The Observer discovered the children in a filthy sweatshop working on piles of beaded children’s blouses marked with serial numbers that Gap admitted corresponded with its own inventory. The company has pledged to convene a meeting of its Indian suppliers as well as withdrawing tens of thousands of the embroidered girl’s blouses from the market, before they reach the stores. The hand-stitched tops, which would have been sold for about £20, were destined for shelves in America and Europe in the next seven days in time to be sold to Christmas shoppers.

With endorsements from celebrities including Madonna, Lenny Kravitz and Sex and the City star Sarah Jessica Parker, Gap has become one of the most successful and iconic brands in fashion. Last year the firm embarked on a huge poster and TV campaign surrounding Product Red, a charitable trust for Africa founded by the U2 lead singer Bono.

Despite its charitable activities, Gap has been criticised for outsourcing large contracts to the developing world. In 2004, when it launched its social audit, it admitted that forced labour, child labour, wages below the minimum wage, physical punishment and coercion were among abuses it had found at some factories producing garments for it.

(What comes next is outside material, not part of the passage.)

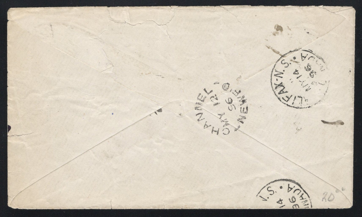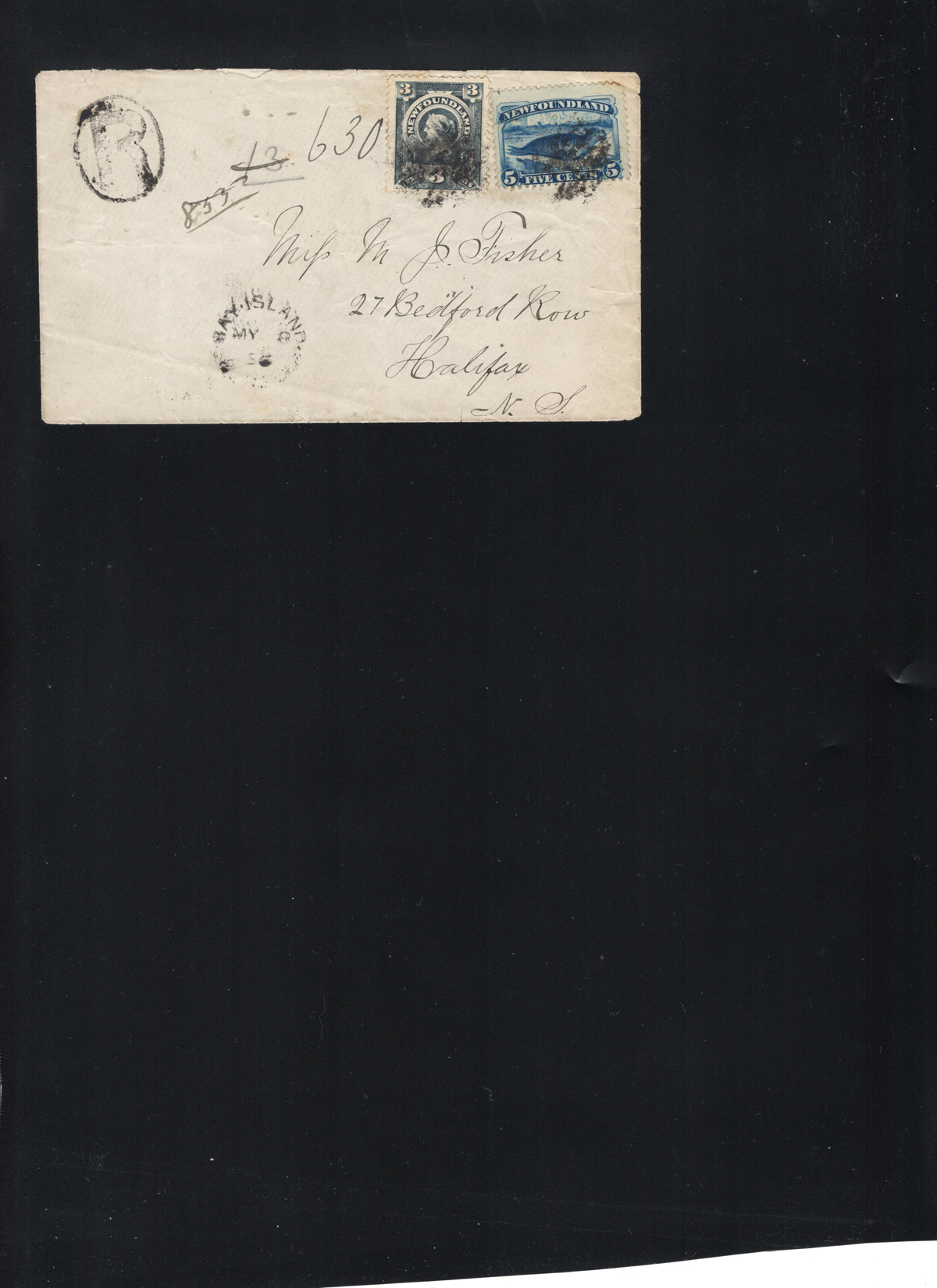319 CVR 55, 60 image1896 Registered Cover to Halifax, Nova Scotia, mailed from Bay Island on MAY.8.1896 (broken circle free strike) to Halifax NS (MAY.14 c.d.s. receiver) via Channel (MAY 12 broken circle transit). The cover is franked with a 5c bright blue Harp Seal and a 3c slate Queen Victoria, both tied by cork cancels. Wrinkles and small tears, else overall fine. (Scan 1) (Scan 2) (All Scans) (All Images)

It added that it had terminated contracts with 136 suppliers as a consequence.
In the past year Gap has severed contracts with a further 23 suppliers for workplace abuses.

Gap said in a statement from its headquarters in San Francisco: ‘We firmly believe that under no circumstances is it acceptable for children to produce or work on garments. These allegations are deeply upsetting and we take this situation very seriously. All of our suppliers and their subcontractors are required to guarantee that they will not use child labour to produce garments. In this situation, it’s clear one of our vendors violated this agreement and a full investigation is under way.’

Professor Sheotaj Singh, co-founder of the DSV, or Dayanand Shilpa Vidyalaya, a Delhi-based rehabilitation centre and school for rescued child workers, said he believed that as long as cut-price embroidered goods were sold in stores across Britain, America, continental Europe and elsewhere in the West, there would be a problem with unscrupulous subcontractors using children.

‘It is obvious what the attraction is here for Western conglomerates,’ he told The Observer. ‘The key thing India has to offer the global economy is some of the world’s cheapest labour, and this is the saddest thing of all the horrors that arise from Delhi’s 15,000 inadequately regulated garment factories, some of which are among the worst sweatshops ever to taint the human conscience.

‘Consumers in the West should not only be demanding answers from retailers as to how goods are produced but looking deep within themselves at how they spend their money.’